Reading time: 35 minutes | Coding time: 5 minutes

Every programming language has in-built types to differentiate between the nature of various data (input or output or intermediate). Integer is a common data type which is widely use in general programming and in scientific computing.

Integer is defined as a number which has no fractional component. Numbers which have a fractional component is known floating point numbers. Despite the fact that floating point numbers can represent numbers accurately, integers have their own place in the world of computing due to:

  • Integers consumes significantly less space than Floating point numbers
  • Calculations using integers are much faster (over 2 times) due to hardware architecture

In C programming language, integer data is represented by its own datatype known as int. It has several variants which differs based on memory consumption includes:

  • int
  • long
  • short
  • long long

Usage

In C, one can define an integer variable as:


int main()
{
   int a = 1; 
   short b = 1;
   long c = 1;
   long long d = 1;
}

Signed and Unsigned version

As the range of numbers determined by a datatype like int is limited and both negative and positive numbers are required, we have two options:

  • signed integers: range is equally divided among negative and positive numbers (including 0)
  • unsigned integers: range starts from 0 to the upper positive number limit

Hence, unsigned integers are used when:

  • negative numbers are not required
  • increase the range of positive number by double

One can defined an unsigned integer by placing the keyword unsigned before the usual declaration/ initialization like:

int main()
{
   unsigned int a = 1;
   unsigned long b = 1;
}

The default declaration is the signed version signed.

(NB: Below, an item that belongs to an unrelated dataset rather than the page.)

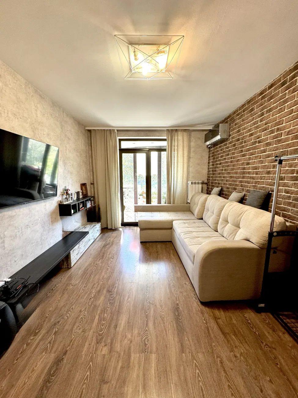 Квартира з сучасним якісним ремонтом та великими панорамними вікнами на балконі, які наповнюють простір світлом та створюють відчуття простору.

Hence, there are 8 possible types for integer:

  • int
  • unsigned int
  • short
  • unsigned short
  • long
  • unsigned long
  • long long
  • unsigned long long

Format specifier

To print a value in C using printf, one needs to specify the datatype of the data to be printed. The format specifier of each variant of integer datatype is different in C.

For instance, int datatype has %d as the format specifier.

Following code demonstrates the idea:

int main()
{
   unsigned int a = 1;
   int b = 1;
   unsigned long c = 1;
   long long d = 1;
   printf("%u", a);
   printf("%d", b);
   printf("%lu", c);
   printf("%lld", d);
}

Range and memory consumption

One can find the memory consumed by a data type as follows:

int main()
{
    printf("size of int : %d\n",sizeof(int));
    printf("size of signed int : %d\n",sizeof(signed int));
    printf("size of unsigned long : %d\n",sizeof(unsigned long));
    return 0;
}

Ideally, memory consumed by the signed and unsigned variants are the same. It only differs in the range.

If Integer data type int is of 4 bytes, then the range is calculated as follows:

4 bytes = 4 X 8 = 32 bits

Each bit can store 2 values (0 and 1)

Hence, integer data type can hold 2^32 values

In signed version, the most significant bit is reserved for sign. So, 0 denotes positive number and 1 denotes negative number.

Hence

  • range of unsigned int is 0 to 2^32-1
  • range of signed int is -2^31 to 2^31-1

The exact value of memory and range depends on the hardware but remains same across several hardware types. Following table summarizes the values:

Data type Size (in Bytes) Range Format specifier
int 4 -2147483648 to 2147483647 %d
unsigned int 4 0 to 4294967295 %u
short 2 -32768 to 32767 %hd
unsigned short 2 0 to 65535 %hu
long 8 -9223372036854775808 to 9223372036854775807 %ld
unsigned long 8 0 to 18446744073709551615 %lu
long long 8 -9223372036854775808 to 9223372036854775807 %lld
unsigned long long 8 0 to 18446744073709551615 %llu

In some platforms, long long and long refer to the same size but in other platforms, long long can be double the size of long.

In general, the rules are:

  • signed and unsigned version will have the same size
  • size of int is 4 bytes
  • size of short <= size of int
  • size of int <= size of long
  • size of long <= size of long long

Integer overflow

As we have seen that each integer datatype has a fixed range beyond which it will fail. In case, a number falls beyond the range of a datatype, then the code will wrap around to give an errorneous result.

Consider the case of int where the range is -2147483648 to 2147483647.

Key points to note in case of signed int are:

  • The number after 2147483647 is -2147483648.
  • The number after -2147483648 is -2147483647
  • 2147483648 is represented as -2147483648 as it is wrapped around

In case of unsigned int, how is 4294967296 stored?

0
4294967295
4294967296
-4294967296
The range of unsigned int is 0 to 4294967295. Hence, 4294967296 which is 4294967295 + 1 gets wrapped around to 0.